**Recorded data**
>>>>

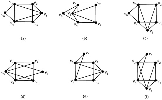 Six considered nonplanar drawings of graph with a possibility of obtaining a subgraph by which edges of can be crossed at most once: (a) the drawing of with and two crossings on edge ; (b) the drawing of with and two crossings on edge ; (c) the drawing of with and two crossings on edge ; (d) the drawing of with two crossings on both edges and ; (e) the drawing of with and two crossings on edge ; (f) the drawing of with and two crossings on edge .
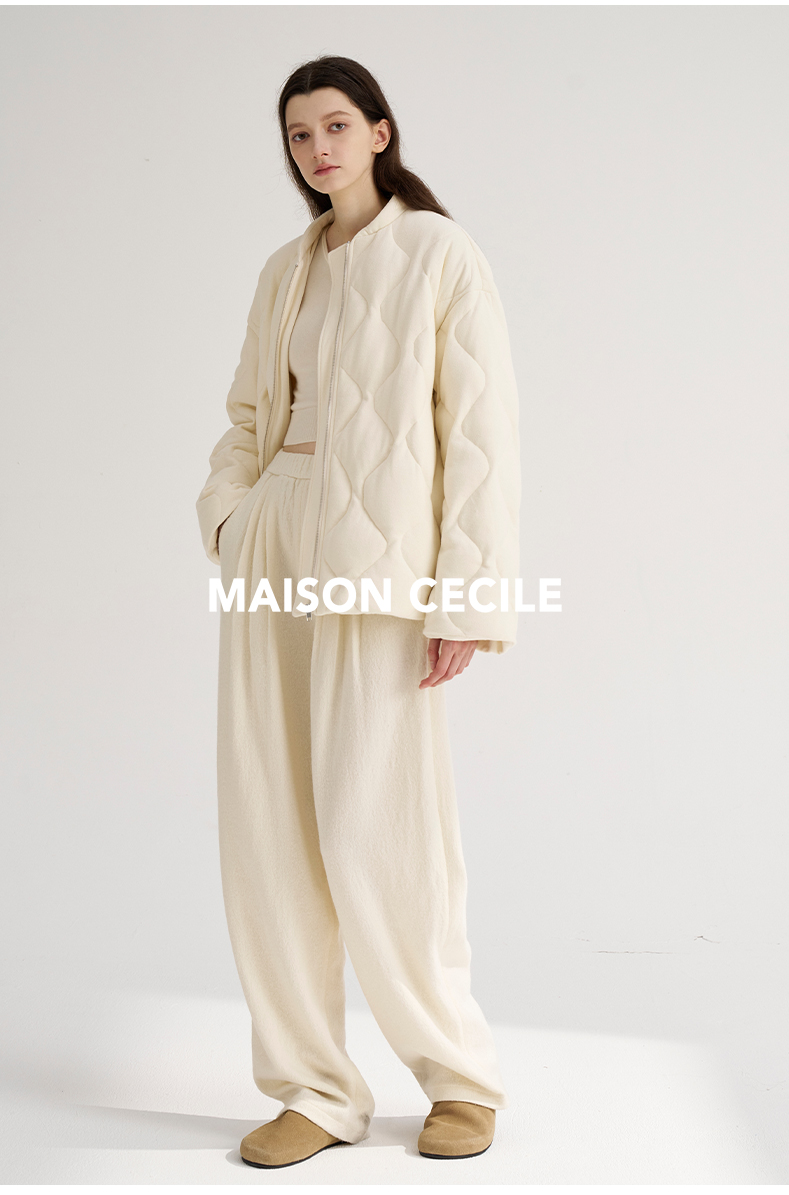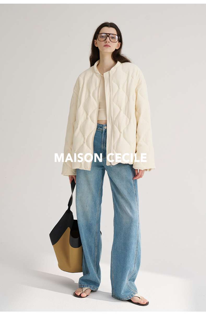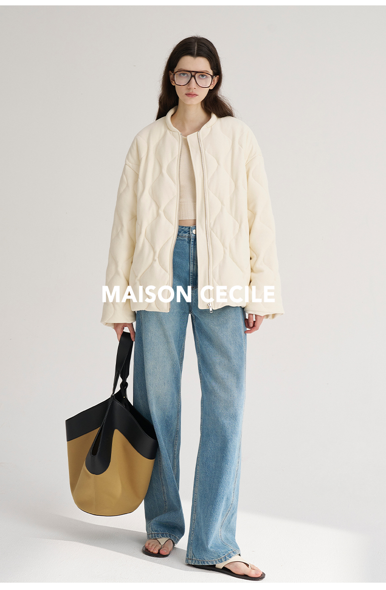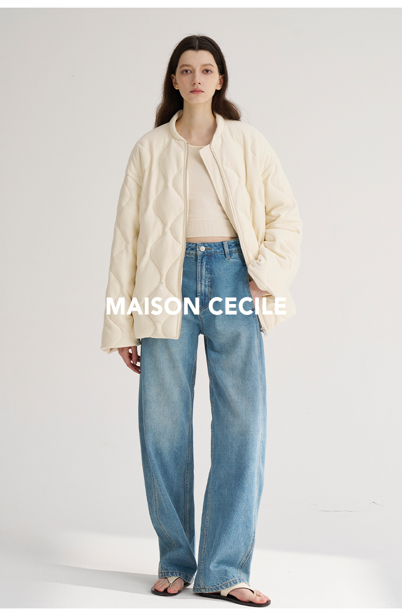 MAISON CECILE 秋冬温暖包裹感廓形百搭可立领长款纽扣棉服
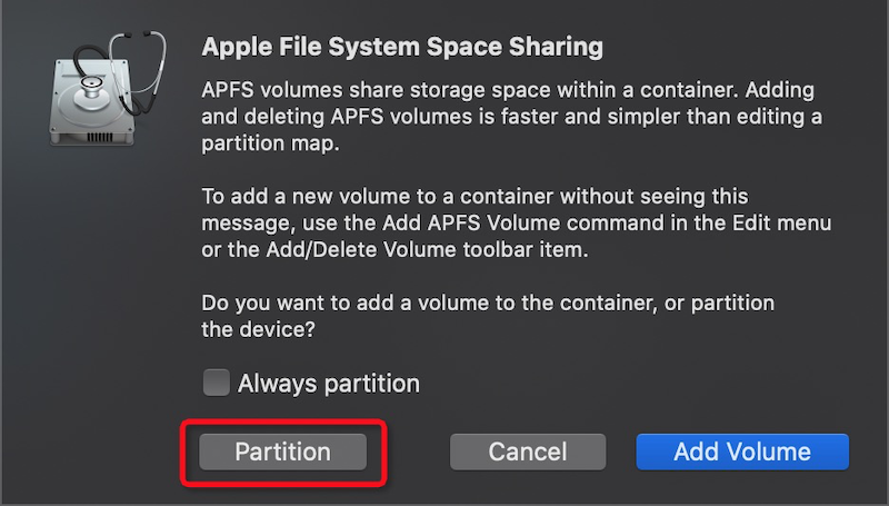 注意一定要添加分区,不能添加卷。添加卷实际上是macOS APFS文件系统内部的子卷,只有添加分区才能收缩现有的macOS所在分区。

<<<<

**Task description**
Wherever the listing shows a picture, omit it and output the rest exactly as given.

**Exercise answer**
 Six considered nonplanar drawings of graph with a possibility of obtaining a subgraph by which edges of can be crossed at most once: (a) the drawing of with and two crossings on edge ; (b) the drawing of with and two crossings on edge ; (c) the drawing of with and two crossings on edge ; (d) the drawing of with two crossings on both edges and ; (e) the drawing of with and two crossings on edge ; (f) the drawing of with and two crossings on edge .
 MAISON CECILE 秋冬温暖包裹感廓形百搭可立领长款纽扣棉服
 注意一定要添加分区,不能添加卷。添加卷实际上是macOS APFS文件系统内部的子卷,只有添加分区才能收缩现有的macOS所在分区。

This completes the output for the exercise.